他立於李沐妍身旁,向姑娘們問候,語氣既親切又威嚴,“剛見你們在打場,看你們年少卻不想竟如此幹練。”

幾位丫頭捏著發辮,雖不敢舉首,卻在羞答答地竊笑。

李沐妍見狀,這可是起哄的好機會,“王爺,既然您都誇姑娘們幹練了,難不成就嘴上說說,不獎賞點什麽嗎?”

蕭灼意味深長地盯著她,似有種被她中傷的意味:你怎胳膊肘往外拐?

而李沐妍的眼神卻似在回答:難道不應該嗎?

她都發話了,他哪還有不從的道理?蕭灼故裝為難地咽了聲氣,招呼身後的楊從武,“好吧,小楊,拿些金葉子來。”

楊從武將攜帶的金葉子分發給了在場的各位姑娘。

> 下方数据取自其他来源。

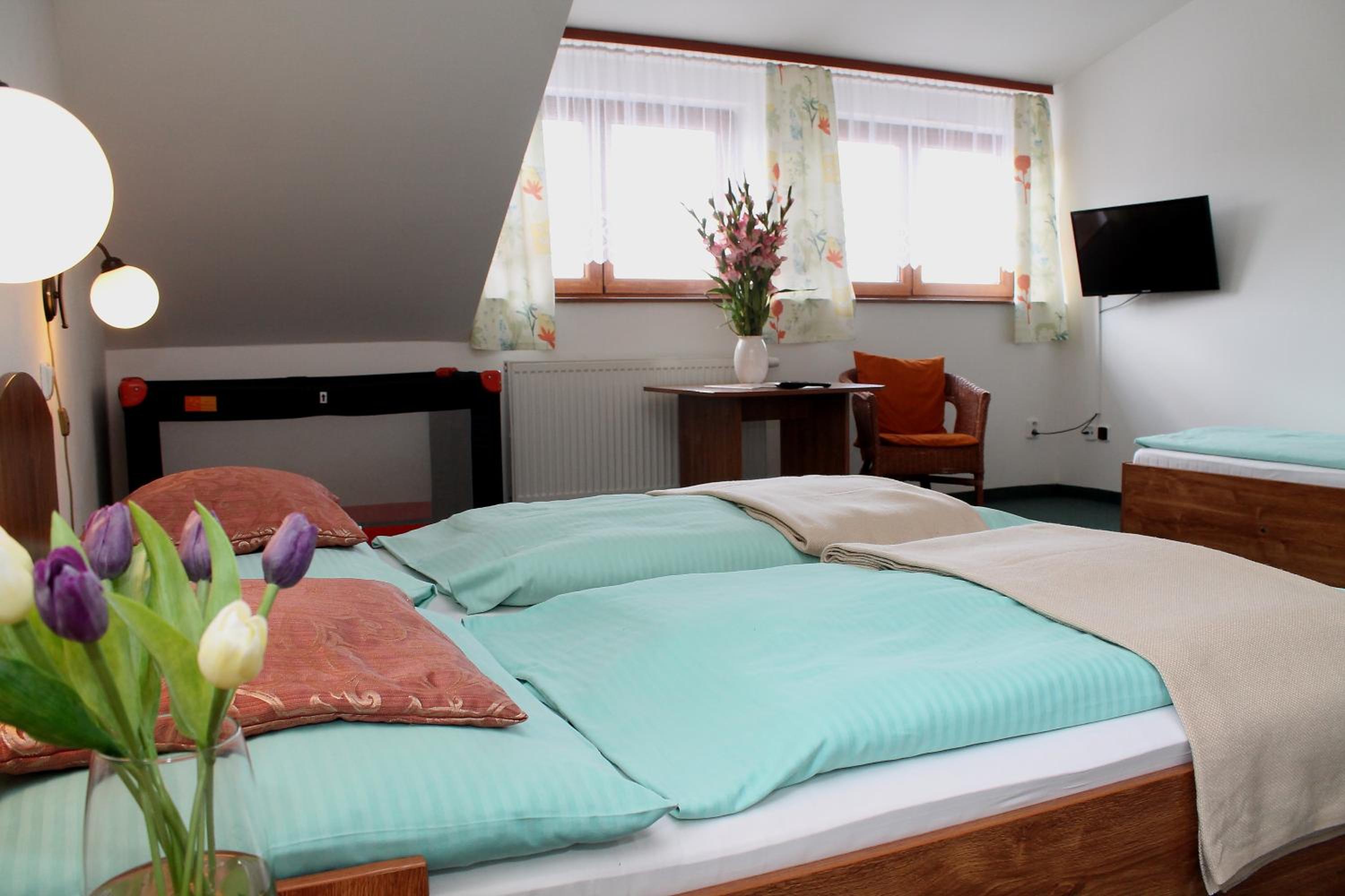 Výborná lokalita, super možnosti aktivit v ubytování (bazen, posilovna, šipky, kulečník, bowling…) , moc milý a ochotný personál, snídaně dostačující, kousek od sjezdovky
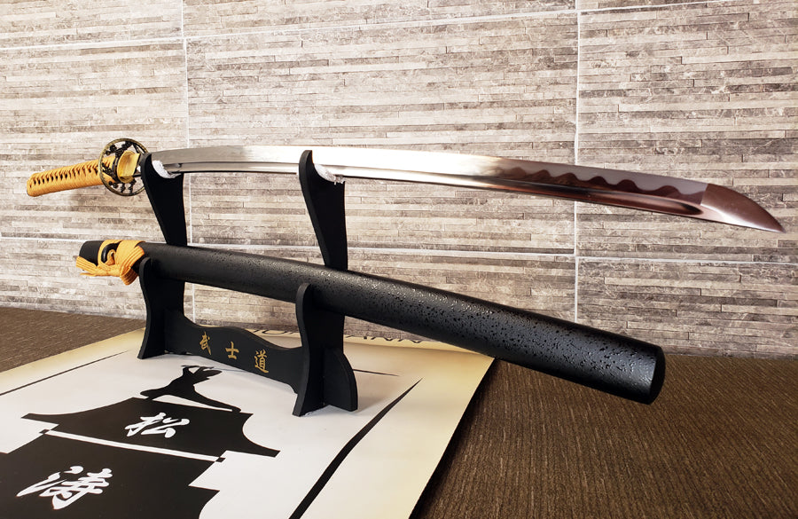 Hand-forged and polished through 12 different procedures, the Katana Gaara offers a perfect balance between cutting, resistance, weight, and practicality. Its blade, made of 1095 carbon steel, is specially designed for cuts and impacts. The blade is full tang, extending to the end of the handle, ensuring enough resistance for impacts. Rigorously tested (Tameshigiri), this katana is effective for both heavy and light cuts. The blade is handcrafted and sharpened through twelve sharpening processes, following the traditional molds of katanas from feudal Japan. The pieces are precisely and firmly fitted, avoiding any kind of wobble during handling.

一片金葉能抵一大家子數月之用,姑娘們將葉子捧在手裏,都不敢相信這是真的。

蕭灼在李沐妍身旁俯首耳語,“這樣可夠?”

他這話說得,似這一切都是為她而做。她不敢認下這帳,“這種為你自己積福德的事,哪有什麽夠不夠的?可難不成你能年年都來給她們送金葉子?你看看這些姑娘身上的衣裳,有的都褪色了,有的又短又小。你賞些銀錢固然好,但也就抵燃眉之急。若能授之以漁,豈不更好?”

“授之以漁?授之以漁……”蕭灼搓著卸下了扳指的拇指,琢磨著這事,忽然有了主意,“有了!”他突然把姑娘們都召集了過來,惆悵萬分地說起,“有一件事讓本王甚是頭疼。思來想去還非得是你們才能幫得上忙。”

姑娘們一聽,似是有報答隆恩的機會,其中一位膽大的姑娘問,“王爺您說的啥事呀?”

蕭灼微笑道,“是這樣的,本王的府邸向來冷清,如今本王有意多栽些花木,著實鐘意山茶,如春之臺,樓蘭花和寬彩帶之類

皆為粉色系山茶花

。只可惜王都之中多好雪塔或紅寶珠,本王心頭之好久覓無果。不知各位姑娘肯不肯幫這個忙?”

姑娘們面面相覷,無人敢輕易開口。

他笑然解釋,“聽聞富宿有花商精於山茶之道。本王會去請來師傅教授你們栽種山茶的技藝。一旦你們學有所成,每朵山茶本王願以五十文收購,有多少要多少,多多益善。”

“五十文?!”“這也太多了!”姑娘們交頭接耳地議論著,都已躍躍欲試。

蕭灼接著說,“不過醜話說在前頭,王府裏有懂花之人,可不準你們以次充好。還有一點,本王要的是堂花,月月都得有。聽清楚了嗎?”

一位姑娘怯生生地問道,“那要是我一個月結了一百朵花,您就會給我五千文嗎?”

“對!分文不少。”

姑娘們聞言,紛紛點頭應允,“成成成!咱們幹!又能學本事又能賺大錢,咱們都幹!”

“好,那一切就拜托你們了。”

那些姑娘們散了,紛紛奔回家中,告訴家人這等天大的好事。

身旁的李沐妍也在隱隱微笑,蕭灼暗嘲男人還真是閑骨頭,被心上人攔路打劫,也能樂在其中。他決心扳回一局,突發奇想拉起了她的手,朝前頭土坡上的參天大樹奔去。

李沐妍稀裏糊塗跟著他爬上了小坡,在大樹的綠蔭下歇憩。

“你看。”

“看什麽?”

他緊握她的手,與她並肩而立。她目光所及,皆為油油麥田。在明媚的日照下,金麥起伏如浪,穗香遠逸萬裏。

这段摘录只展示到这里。